🤖 AI Summary
This work addresses the inefficiency and accuracy degradation of large vision-language models (VLMs) on simple tasks, where over-reasoning often leads to unnecessarily verbose responses. While prior approaches overlook visual perception failure as a fundamental bottleneck, this paper proposes GPRO, a novel framework that decouples perception failures from reasoning errors for the first time. GPRO constructs supervision signals based on failure attribution and introduces a meta-reasoning controller that dynamically selects among a lightweight fast path, a slow perception path, or a slow reasoning path. Leveraging a teacher model to generate approximately 790,000 failure-attribution labels, the path selection strategy is optimized via multi-objective reinforcement learning. Experiments demonstrate that GPRO significantly improves both accuracy and inference efficiency across five benchmarks, outperforming existing "slow thinking" methods while producing more concise responses.
📝 Abstract
Large Vision-Language Models (LVLMs) have exhibited strong reasoning capabilities through chain-of-thought mechanisms that generate step-by-step rationales. However, such slow-thinking approaches often lead to overthinking, where models produce excessively verbose responses even for simple queries, resulting in test-time inefficiency and even degraded accuracy. Prior work has attempted to mitigate this issue via adaptive reasoning strategies, but these methods largely overlook a fundamental bottleneck: visual perception failures. We argue that stable reasoning critically depends on low-level visual grounding, and that reasoning errors often originate from imperfect perception rather than insufficient deliberation.
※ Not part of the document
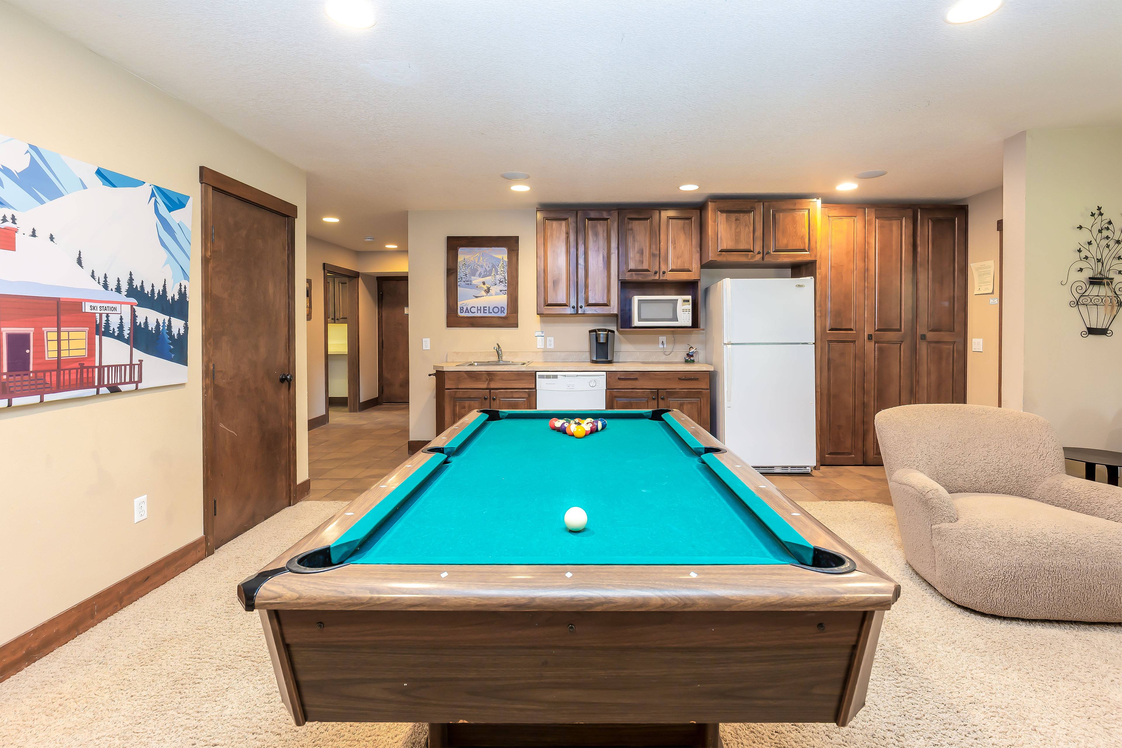 Media Room with TV, DVD, Pool Table and Kitchenette

To address this limitation, we propose Gated Perception-Reasoning Optimization (GPRO), a meta-reasoning controller that dynamically routes computation among three decision paths at each generation step: a lightweight fast path, a slow perception path for re-examining visual inputs, and a slow reasoning path for internal self-reflection. To learn this distinction, we derive large-scale failure attribution supervision from approximately 790k samples, using teacher models to distinguish perceptual hallucinations from reasoning errors. We then train the controller with multi-objective reinforcement learning to optimize the trade-off between task accuracy and computational cost under uncertainty. Experiments on five benchmarks demonstrate that GPRO substantially improves both accuracy and efficiency, outperforming recent slow-thinking methods while generating significantly shorter responses.